从电路到 SoC 处理器:用于DSP加速的自对称近似技术与嵌入计算机方法 (From Circuits to SoC Processors: Arithmetic Approximation Techniques & Embedded Computing Methodologies for DSP Acceleration)

The computing industry is forced to find alternative design approaches and computing platforms to sustain increased power efficiency, while providing sufficient performance. Among the examined solutions, Approximate Computing, Hardware Acceleration, and Heterogeneous Computing have gained great momentum. In this Dissertation, we introduce design solutions and methodologies, built on top of the preceding computing paradigms, for the development of energy-efficient DSP and AI accelerators. In particular, we adopt the promising paradigm of Approximate Computing and apply new approximation techniques in the design of arithmetic circuits. The proposed arithmetic approximation techniques involve bit-level optimizations, inexact operand encodings, and skipping of computations, while they are applied in both fixed- and floating-point arithmetic. We also conduct an extensive exploration on combinations among the approximation techniques and propose a low-overhead scheme for seamlessly adjusting the approximation degree of our circuits at runtime. Based on our methodology, these arithmetic approximation techniques are then combined with hardware design techniques to implement approximate ASIC- and FPGA-based DSP and AI accelerators. Moreover, we propose methodologies for the efficient mapping of DSP/AI kernels on distinctive embedded devices, i.e., the space-grade FPGAs and the heterogeneous VPUs. On the one hand, we cope with the decreased flexibility of the space-grade technology and the technical challenges that arise in new FPGA tools. On the other hand, we unlock the full potential of heterogeneity by exploiting all the diverse processors and memories. Based on our methodology, we efficiently map computer vision algorithms onto the radiation-hardened NanoXplore's FPGAs and accelerate DSP & CNN kernels on Intel's Myriad VPUs.

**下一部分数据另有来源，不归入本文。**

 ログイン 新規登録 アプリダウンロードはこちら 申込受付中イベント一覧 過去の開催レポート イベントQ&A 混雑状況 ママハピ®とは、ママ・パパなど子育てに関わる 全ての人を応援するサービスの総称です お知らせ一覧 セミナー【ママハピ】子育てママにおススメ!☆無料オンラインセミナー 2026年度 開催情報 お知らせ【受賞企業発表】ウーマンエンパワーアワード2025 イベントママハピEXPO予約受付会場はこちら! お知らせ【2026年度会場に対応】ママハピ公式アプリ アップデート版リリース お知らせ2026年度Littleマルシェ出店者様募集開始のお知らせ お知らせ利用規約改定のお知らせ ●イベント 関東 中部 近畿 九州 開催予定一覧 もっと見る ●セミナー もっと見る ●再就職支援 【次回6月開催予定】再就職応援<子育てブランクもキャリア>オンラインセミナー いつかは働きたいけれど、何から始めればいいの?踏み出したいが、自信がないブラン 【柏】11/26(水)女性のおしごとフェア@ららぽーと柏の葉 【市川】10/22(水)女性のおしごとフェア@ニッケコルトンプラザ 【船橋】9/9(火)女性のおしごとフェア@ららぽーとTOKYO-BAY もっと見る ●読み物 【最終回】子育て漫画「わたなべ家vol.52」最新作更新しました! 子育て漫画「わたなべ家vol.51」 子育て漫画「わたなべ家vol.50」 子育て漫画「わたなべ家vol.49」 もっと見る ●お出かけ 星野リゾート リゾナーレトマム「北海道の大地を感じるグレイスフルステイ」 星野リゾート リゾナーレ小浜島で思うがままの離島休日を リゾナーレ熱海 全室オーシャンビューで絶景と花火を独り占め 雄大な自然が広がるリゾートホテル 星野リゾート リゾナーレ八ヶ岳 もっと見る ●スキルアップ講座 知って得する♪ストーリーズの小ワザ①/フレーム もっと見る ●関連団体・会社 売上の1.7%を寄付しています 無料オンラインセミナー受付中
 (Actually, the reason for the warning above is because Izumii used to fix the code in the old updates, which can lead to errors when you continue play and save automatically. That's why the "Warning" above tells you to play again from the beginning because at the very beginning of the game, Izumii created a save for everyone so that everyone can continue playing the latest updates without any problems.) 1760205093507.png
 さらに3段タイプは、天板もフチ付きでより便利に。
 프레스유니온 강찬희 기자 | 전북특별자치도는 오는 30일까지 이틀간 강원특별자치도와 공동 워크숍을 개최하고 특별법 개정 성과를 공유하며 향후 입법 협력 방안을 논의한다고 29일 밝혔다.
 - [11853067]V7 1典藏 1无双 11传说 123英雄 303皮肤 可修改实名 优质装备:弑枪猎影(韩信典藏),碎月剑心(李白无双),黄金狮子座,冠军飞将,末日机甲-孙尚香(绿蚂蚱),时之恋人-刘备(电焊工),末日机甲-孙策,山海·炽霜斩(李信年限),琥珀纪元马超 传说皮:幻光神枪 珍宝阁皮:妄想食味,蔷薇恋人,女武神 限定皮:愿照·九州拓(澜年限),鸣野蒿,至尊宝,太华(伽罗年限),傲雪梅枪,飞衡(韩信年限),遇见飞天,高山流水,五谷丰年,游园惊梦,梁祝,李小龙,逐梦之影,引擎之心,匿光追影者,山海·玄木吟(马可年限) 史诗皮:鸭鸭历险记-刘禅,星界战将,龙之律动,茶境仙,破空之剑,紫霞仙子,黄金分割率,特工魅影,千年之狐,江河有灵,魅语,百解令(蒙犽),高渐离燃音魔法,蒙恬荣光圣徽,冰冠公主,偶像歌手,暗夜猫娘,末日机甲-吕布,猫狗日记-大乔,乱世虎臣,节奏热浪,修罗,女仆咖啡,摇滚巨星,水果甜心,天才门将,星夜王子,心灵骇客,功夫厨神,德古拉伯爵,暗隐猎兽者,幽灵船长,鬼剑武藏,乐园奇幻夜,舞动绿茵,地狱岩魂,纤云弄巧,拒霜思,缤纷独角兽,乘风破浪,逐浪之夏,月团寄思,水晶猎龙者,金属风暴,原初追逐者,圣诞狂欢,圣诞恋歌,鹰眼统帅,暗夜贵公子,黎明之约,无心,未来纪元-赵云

翻译：计算机产业被迫寻找替代设计方法和计算平台以维持更高的电力效率,同时提供足够的性能。在所研究的解决方案中, 近似电子计算、硬件加速、异质计算等获得了巨大的动力。在本次研究中, 我们还在先前的计算范式之上引入了设计解决方案和方法, 以开发节能的 DSP 和 AI 加速器。特别是, 我们采用了“ 近似计算” 的有希望的范式, 并在计算电路的设计中应用新的近似技术。拟议的算术近似技术包括比分级优化、不精密的操作编码和跳过计算, 而它们同时被用于固定和浮动的计算。我们还在近似技术的组合上进行了广泛的探索, 并提出了一个低头计划, 以无缝调整我们电路路的近度。根据我们的方法, 这些算术的近似近似精度技术与硬件的硬件设计技术结合, 以近似的ASIC- 和FA 和AI 加速计算方法。此外, 我们提议在SGA 系统上高效的SDA- 系统、和SD- FAFDFD 系统上, 不断的智能的系统, 不断, 不断的系统的系统和和不断不断, 的系统和不断不断不断不断系统系统。